What Is The Best Way To Minimise Capital Gains Tax Liability?

Q: I am a dual-national Australian citizen living and working in the UK.

I was born in the UK, am Australian by descent and recently returned to the UK after nine years and nine months living in Sydney. 

I sold my principal place of residence in Sydney to purchase a new principal place of residence in the UK; however, I retain two investment properties in NSW, which were purchased in 2010 and 2011.

When I dispose of my principal place of residence, I intend to be ‘living’ in Australia for more than 183 days; however, my principal place of residence will still be in the UK.

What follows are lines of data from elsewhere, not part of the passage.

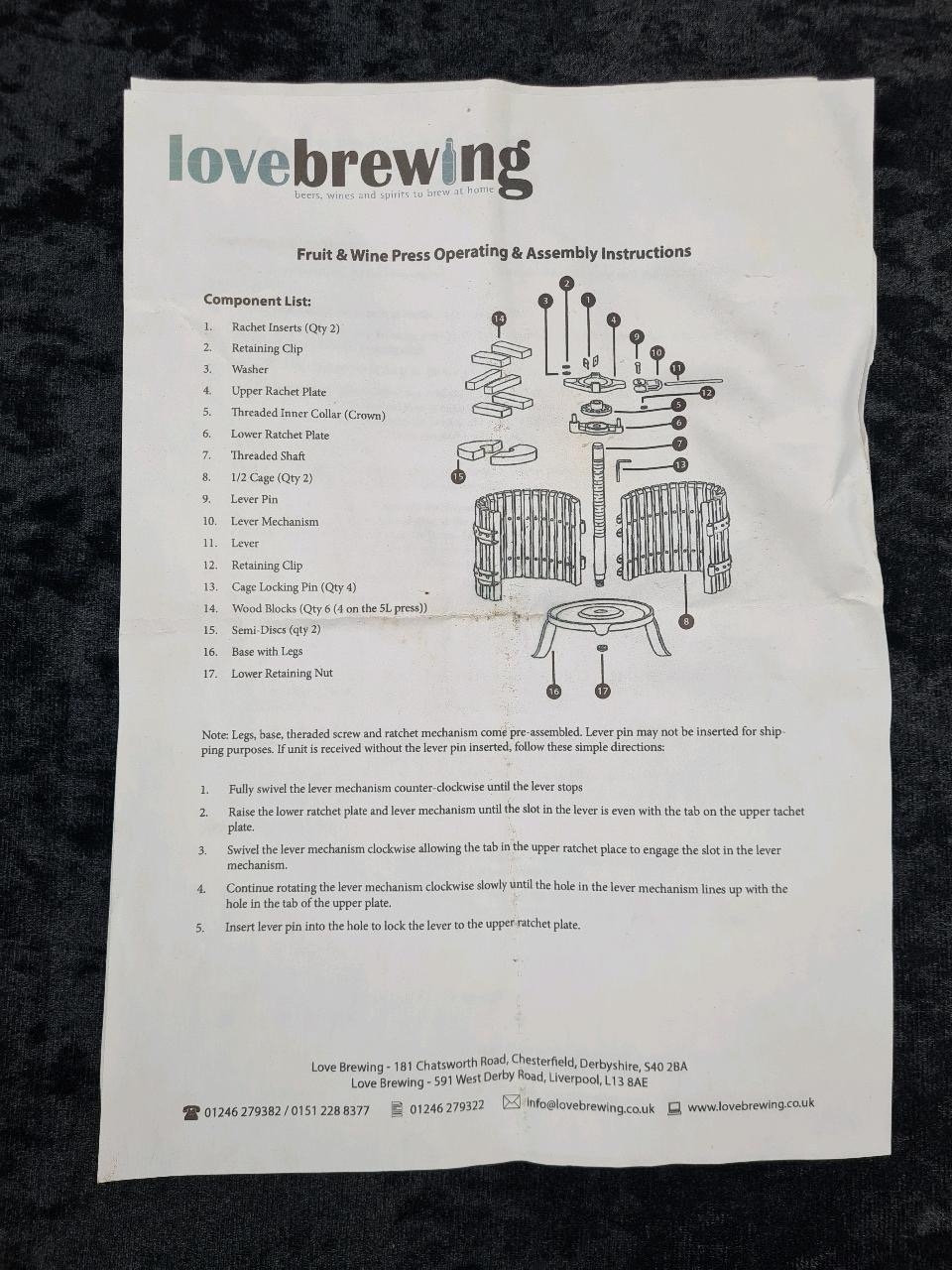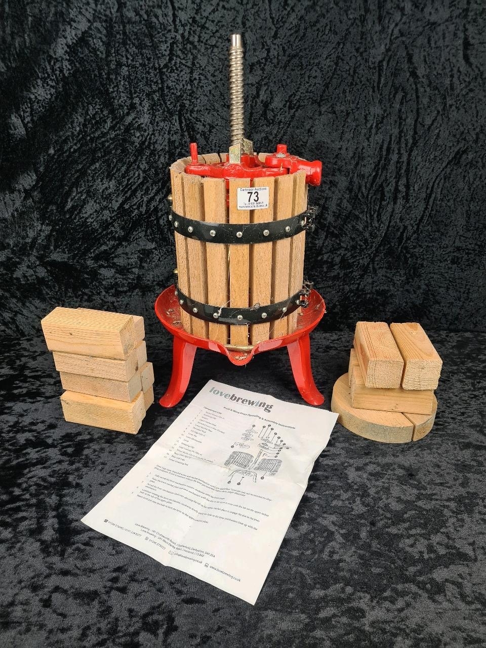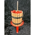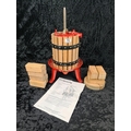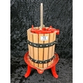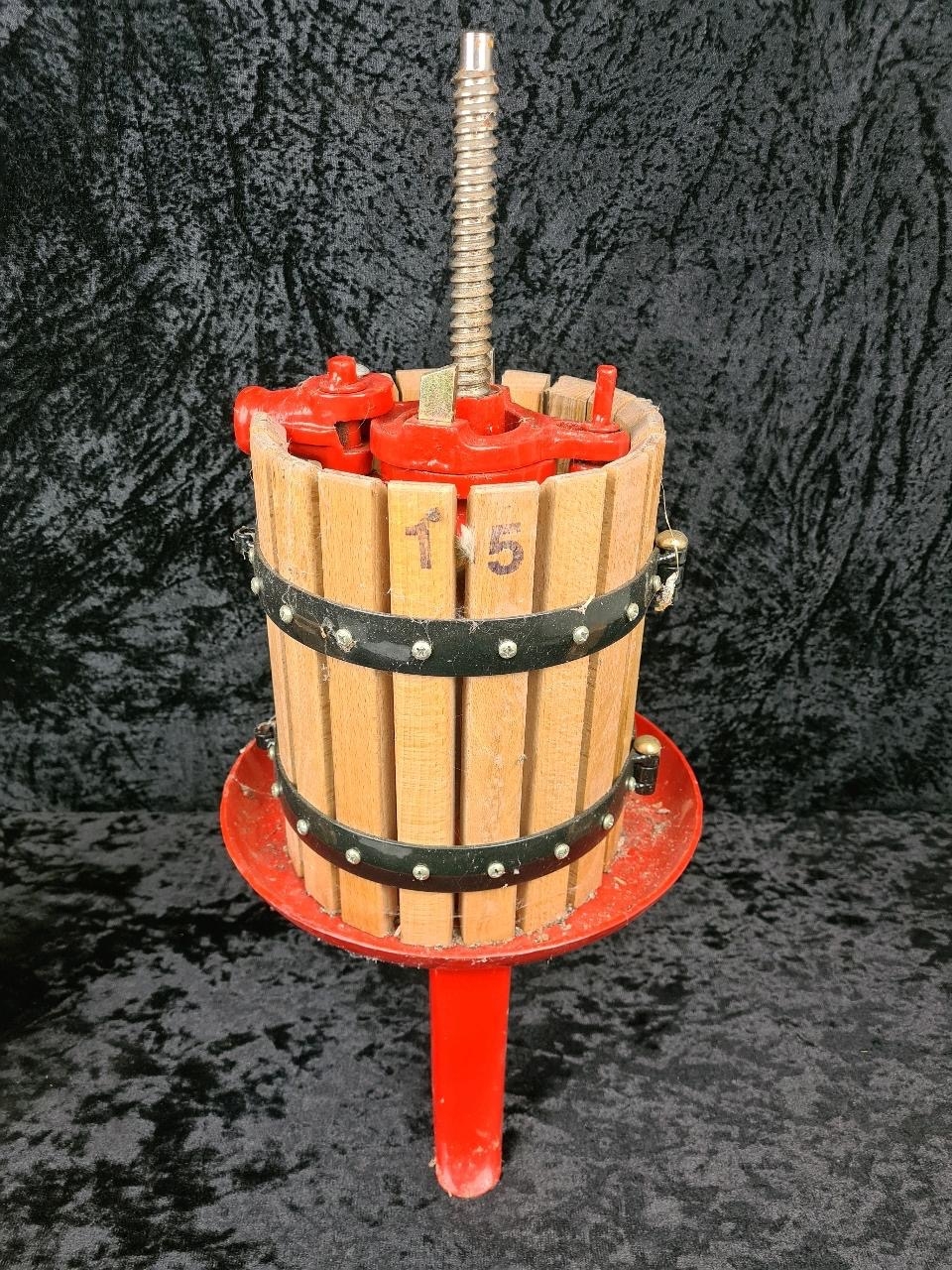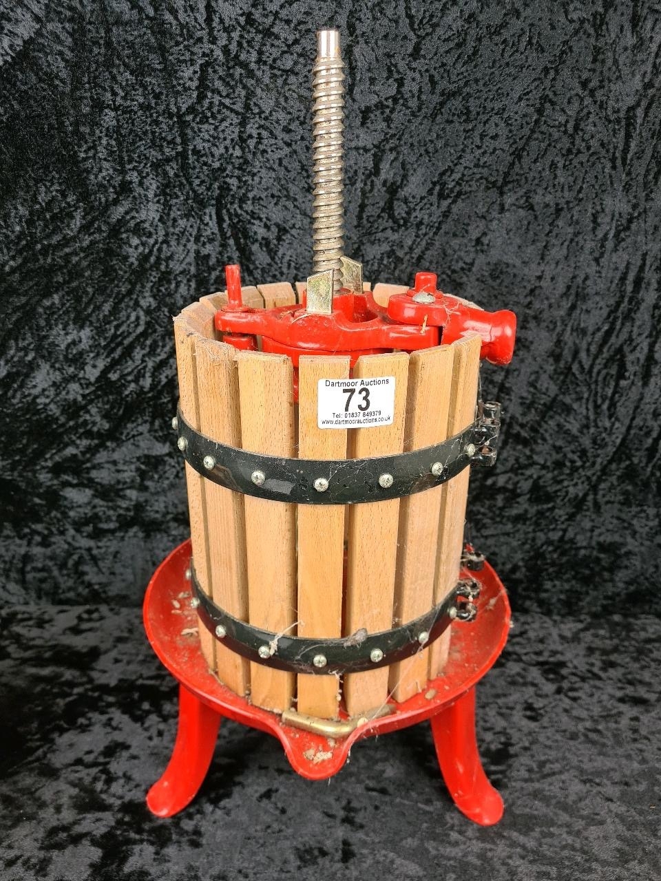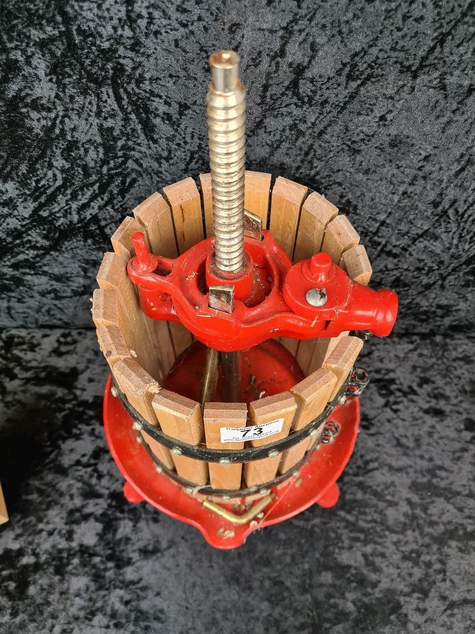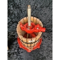 Nice table top wood and painted cast iron fruit and wine press with wooden blocks - missing top handles. Approx H49cm.
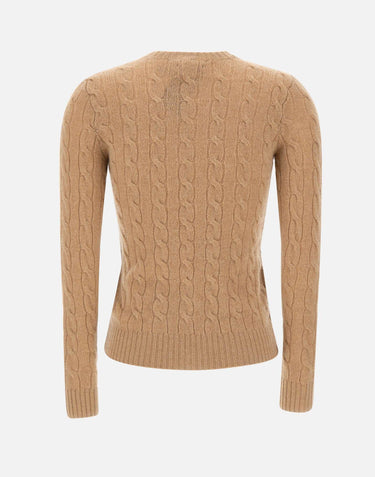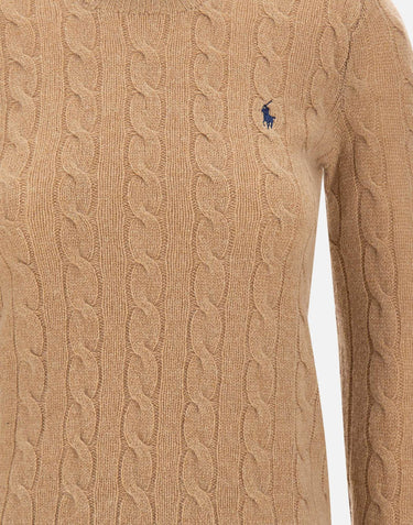 Polo Ralph Lauren women's "Classics" sweater in a wool and cashmere blend, available in cappuccino color. Featuring the iconic cable knit, it has a round neck, long sleeves, and ribbed edges. The embroidered Pony logo on chest adds a distinctive touch. Slim fit for an elegant and feminine look.
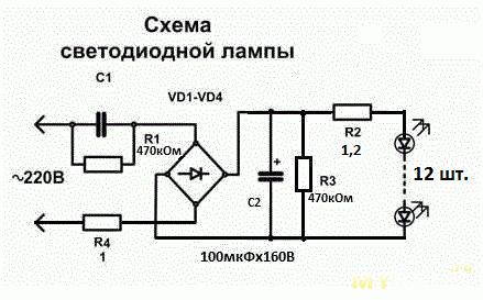 Берём стандартную китайскую лампочку. Вот её схема (немного усовершенствованная). Почему усовершенствованная? Эта схема подойдёт к любой дешёвой китайской лампочке. Отличие будет только в номиналах радиодеталей и отсутствии некоторых сопротивлений (в целях экономии).

In this situation, what is the best way to minimise capital gains tax liability?

Regards, Richard

ANSWER:

Need to know

  • There are special capital gains tax rules for foreign residents.
  • An overseas property can be treated as your main residence.
  • The main residence exemption can only be claimed for one property at a time.

First, as an Australian tax resident, you pay tax on your worldwide income, with a credit for any overseas tax paid if there is a double taxation treaty between Australia and the country in question.

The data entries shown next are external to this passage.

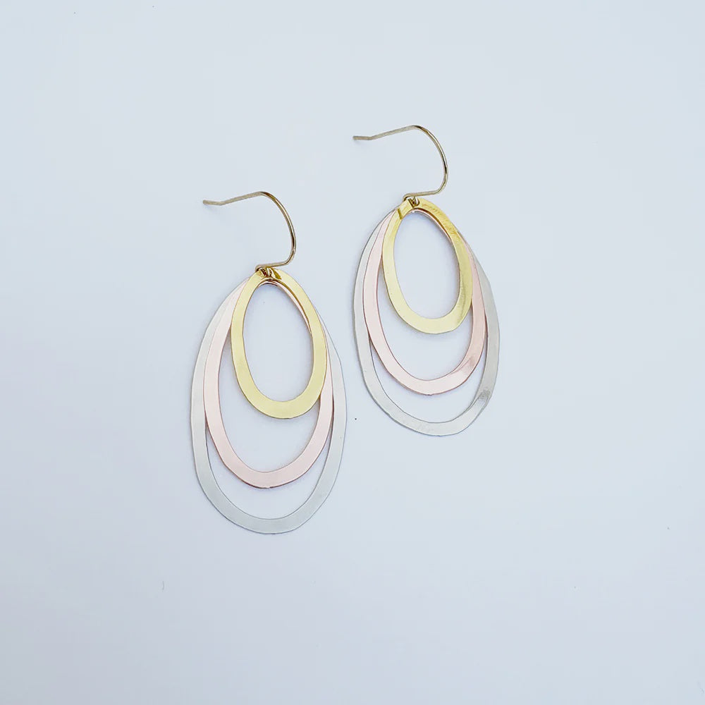 Sleek, sculptural, and seriously versatile, the midi Tri-Shape Oval Earrings by DENZ bring a modern twist to the everyday hoop. Featuring three hand-drawn ovals in varied sizes and finishes - Gold, Rose Gold, and Silver - this mixed-metal masterpiece is the perfect go-to for those who like their jewellery with a bit of edge. Made from super thin recycled stainless steel, they’re super lightweight, hypoallergenic, and perfect for all-day (or all-night) wear.
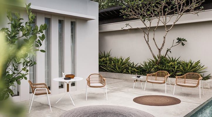 シェルは小麦色、アウトドアファブリック張りシートクッション
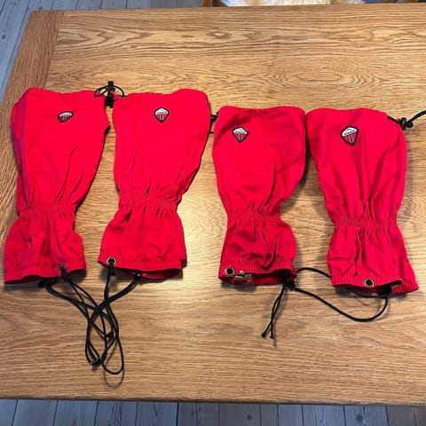 Et par sorte gaiters med elastisk kant og justerbar rem. De er designet til at beskytte ben og fødder mod vand og snavs under vandring eller andre udendørs aktiviteter. Størrelsen er 50 cm.
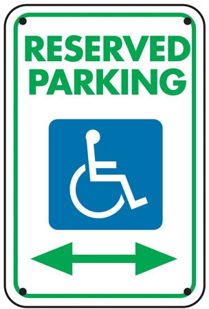 View full detailsSign says, "RESERVED PARKING (handicap) STATE DISABLED PARKING PERMIT REQUIRED" 3M reflective coating Message printed on one side Pre-punched top...
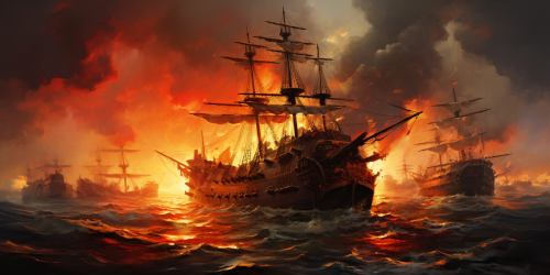Battle of Focchies, nine warships burnt, three galleasses burnt, two galleys burnt,by Aivazovsky --ar 6:3

In your scenario, there are two issues to be addressed.

The first relates to the sale of the Australian home and the second to the sale of the UK home.

In Australia, there are special capital gains tax rules you need to know if you’re a foreign resident.

These rules will impact you when you sell residential property in Australia.

As you have not been advised of the dates for the sale of the Australian home, you need to be aware that a capital gain on the Australian home may be taxed.